REQUIREMENT –
Please, without any pictures, set down exactly the part of the listing below that opens with the line containing "1) After removing" and closes with the line containing "Есть ещё пригородные".

RECORD EXTRACTS –
____________________
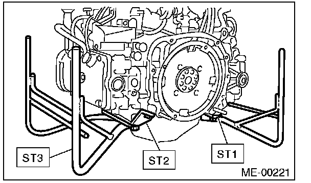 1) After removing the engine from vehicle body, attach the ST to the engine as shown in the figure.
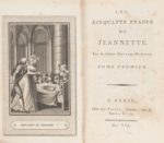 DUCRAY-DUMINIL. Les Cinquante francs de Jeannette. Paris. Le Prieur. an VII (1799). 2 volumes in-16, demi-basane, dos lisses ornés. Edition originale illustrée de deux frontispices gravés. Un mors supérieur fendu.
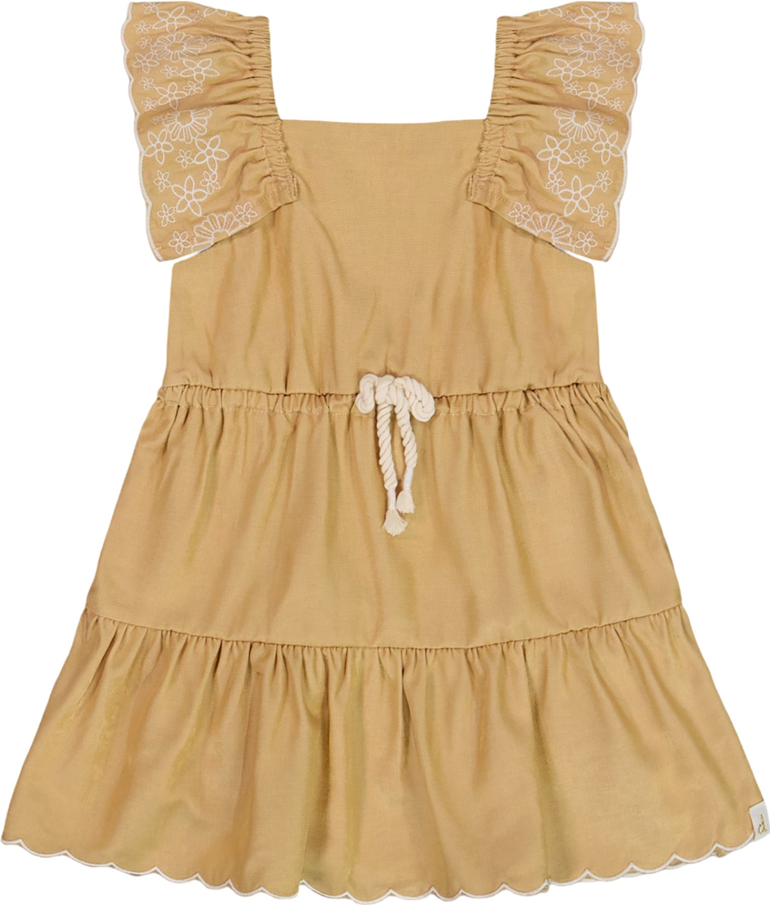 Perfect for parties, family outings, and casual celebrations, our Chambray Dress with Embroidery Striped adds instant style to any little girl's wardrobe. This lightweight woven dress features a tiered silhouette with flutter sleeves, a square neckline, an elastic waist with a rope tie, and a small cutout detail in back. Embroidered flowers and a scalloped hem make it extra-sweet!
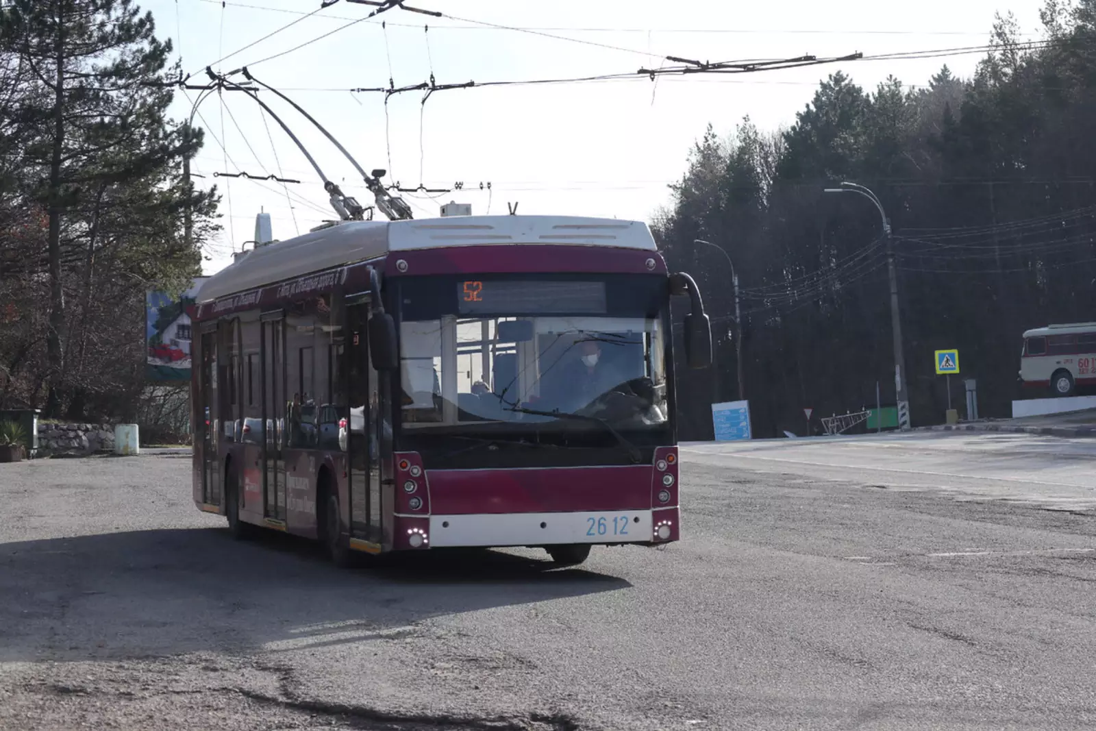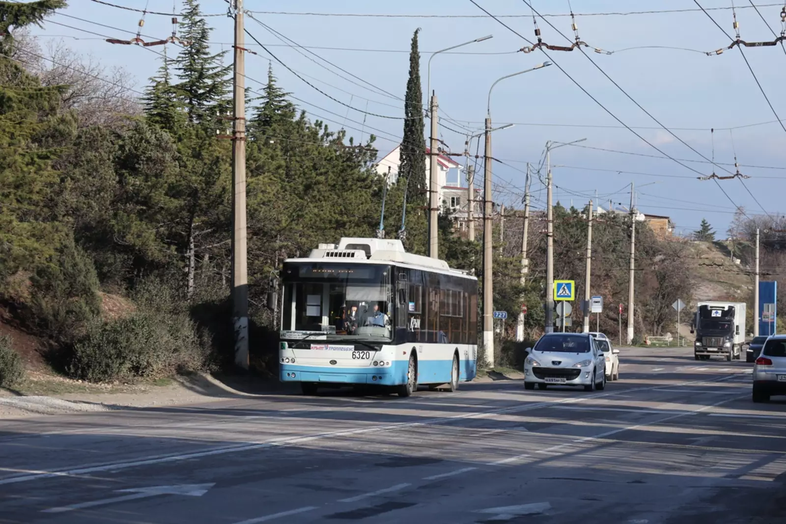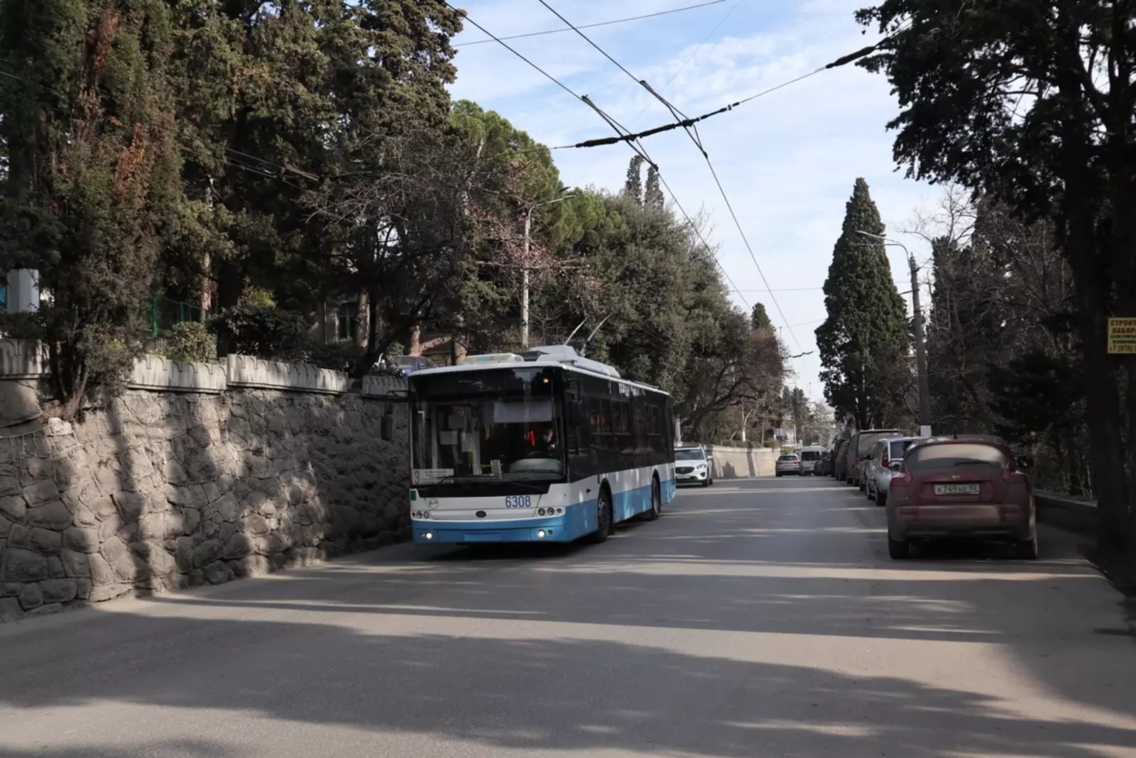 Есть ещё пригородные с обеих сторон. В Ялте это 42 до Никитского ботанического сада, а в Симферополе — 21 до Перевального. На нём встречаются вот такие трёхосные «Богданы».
____________________
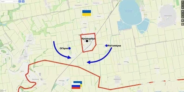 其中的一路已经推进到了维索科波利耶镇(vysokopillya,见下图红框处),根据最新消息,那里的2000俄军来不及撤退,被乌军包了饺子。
____________________
WRITTEN REPLY –
 1) After removing the engine from vehicle body, attach the ST to the engine as shown in the figure.
 DUCRAY-DUMINIL. Les Cinquante francs de Jeannette. Paris. Le Prieur. an VII (1799). 2 volumes in-16, demi-basane, dos lisses ornés. Edition originale illustrée de deux frontispices gravés. Un mors supérieur fendu.
 Perfect for parties, family outings, and casual celebrations, our Chambray Dress with Embroidery Striped adds instant style to any little girl's wardrobe. This lightweight woven dress features a tiered silhouette with flutter sleeves, a square neckline, an elastic waist with a rope tie, and a small cutout detail in back. Embroidered flowers and a scalloped hem make it extra-sweet!
 Есть ещё пригородные с обеих сторон. В Ялте это 42 до Никитского ботанического сада, а в Симферополе — 21 до Перевального. На нём встречаются вот такие трёхосные «Богданы».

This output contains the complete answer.